The ER Ca2+ store is replenished via the endoplasmic reticulum Ca2+ ATPase (SERCA) and Ca2+ release-activated Ca2+ channels (CRAC) such as Orai1 in conjunction with Stim1 8. We have shown that allosteric GABAAR modulators reduced the increase of intercellular Ca2+ of stimulated T cells and reduced the secretion of IL-2 9.  Electrophysiological studies showed that allosteric GABAAR modulators directly increase the transmembrane current in a dose depending manner 10 .

 

References:

1 Jude, J., et al. 2008. Calcium Signaling in Airway Smooth Muscle. Proc Am Thorac Soc. 5:15–22.

2 Janssen, L. 2007. ROCs and SOCs: What’s in a name? Cell Calcium. 41:245–247.

3 Gallos, G., et al. 2015. Selective targeting of the α5-subunit of GABAA receptors relaxes airway smooth muscle and inhibits cellular calcium handling. Am J Physiol Lung Cell Mol Physiol. 308:L931–L942.

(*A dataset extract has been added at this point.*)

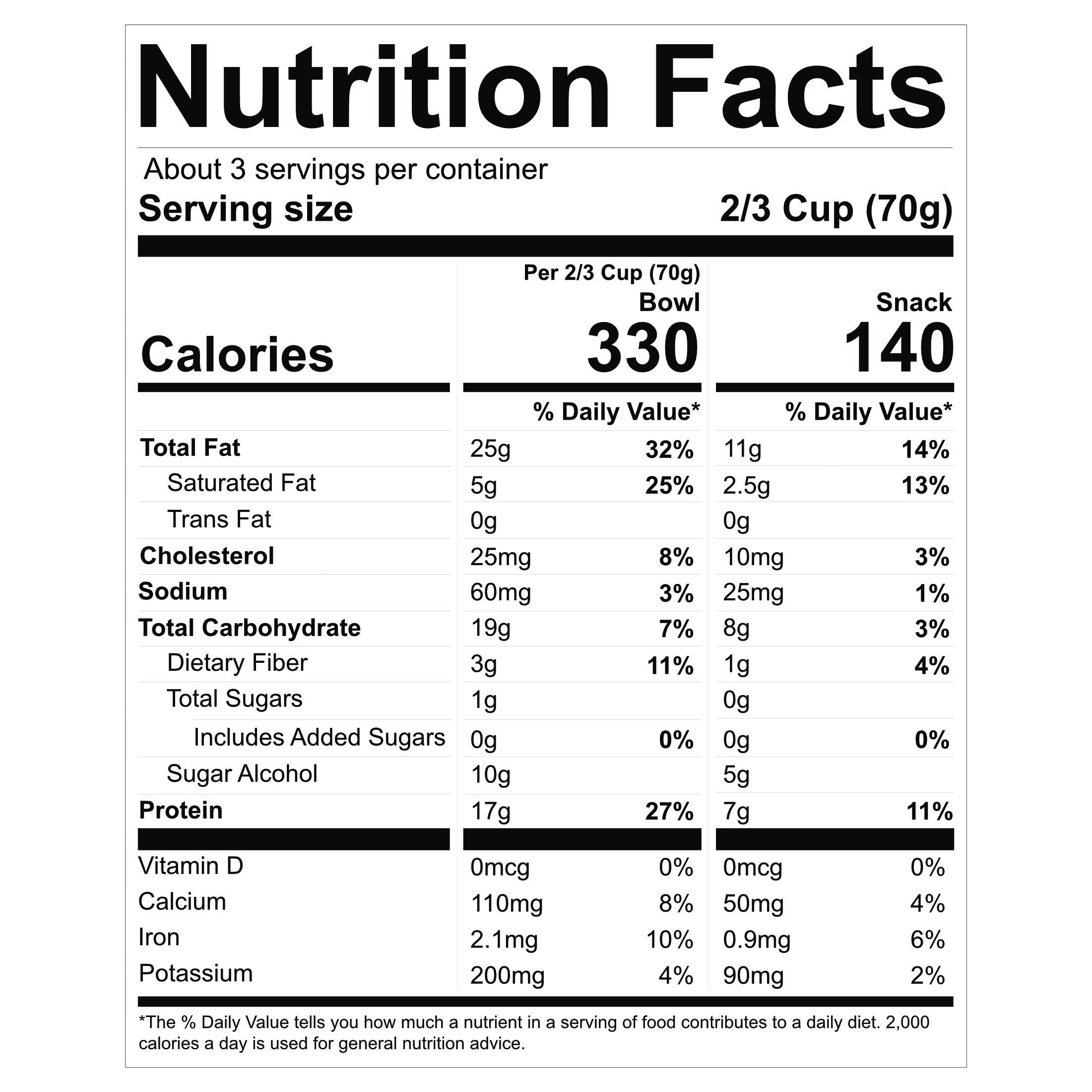 Ingredients: Sunflower seeds, Pumpkin seeds, erythritol, whey protein crisps (whey protein concentrate, tapioca starch), almonds, pecans, butter (pasturized cream, natural flavor), whey protein concentrate, natural flavors, salt, monkfruit extract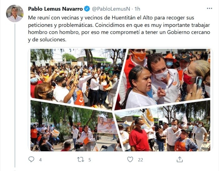 Pablo Lemus, candidato de Movimiento Ciudadano a la presidencia municipal de Guadalajara, prometió en Huentitán El Alto, que, de ganar los comicios del 6 de junio, estará en las calles: “no seré un presidente municipal encerrado en su oficina”.Además, el candidato emecista se reunió con vecinos del distrito 11, en la Expenal de Oblatos, a quienes señaló que la apuesta es desarrollar una política pública de prevención del delito que coloque al ser humano en el centro de las decisiones, con acciones enfocadas a la educación, la cultura y el deporte.A esto, dijo, se suma el fortalecimiento de la Policía Municipal y la reactivación de la economía tapatía, afectada tras la pandemia de COVID-19.Los vecinos solicitaron mayor vigilancia en la zona, mejoramiento en servicios públicos como alumbrado y atención al arbolado, así como la implementación de planes de ejercicio y actividad física para las personas mayores, mientras que en Brisas del Nilo los vecinos solicitaron la habilitación de mayor número de espacios públicos en esta zona.JM

4 Janssen, L. and Sims, S. 1995. Ca2+-dependent Cl- current in canine tracheal smooth muscle cells. Am J Physiol. 269 (Cell Physiol 38):C163-C169.

5 Ting Wen, T. and Rothenberg, M. 2016. The Regulatory Function of Eosinophils. Microbiol Spectr. 4(5):1-19.

6 Lloyd, C. and Hessel, E. 2010. Functions of T cells in asthma: more than just TH2 cells. Nat Rev Immunol. 10:838-848.

7 Rao, A. et al. 1997. Transcription Factgors of the NFAT Family: Regulation and Function. Annu Rev Immunol. 15:707–47.

8 Lewis, R. 2011. Store-Operated Calcium Channels: New Perspectives on Mechanism and Function. Cold Spring Harb Perspect Biol. 2011;3:a003970.

9 Forkuo, G., et al. 2016. Development of GABAA Receptor Subtype-Selective Imidazobenzodiazepines as Novel Asthma Treatments. Mol Pharm. 13(6): 2026–2038.

10 Forkuo, G., et al. 2017. Alleviation of Multiple Asthmatic Pathologic Features with Orally Available and Subtype Selective GABAA Receptor Modulators. Mol Pharm. 14(6):2088-2098.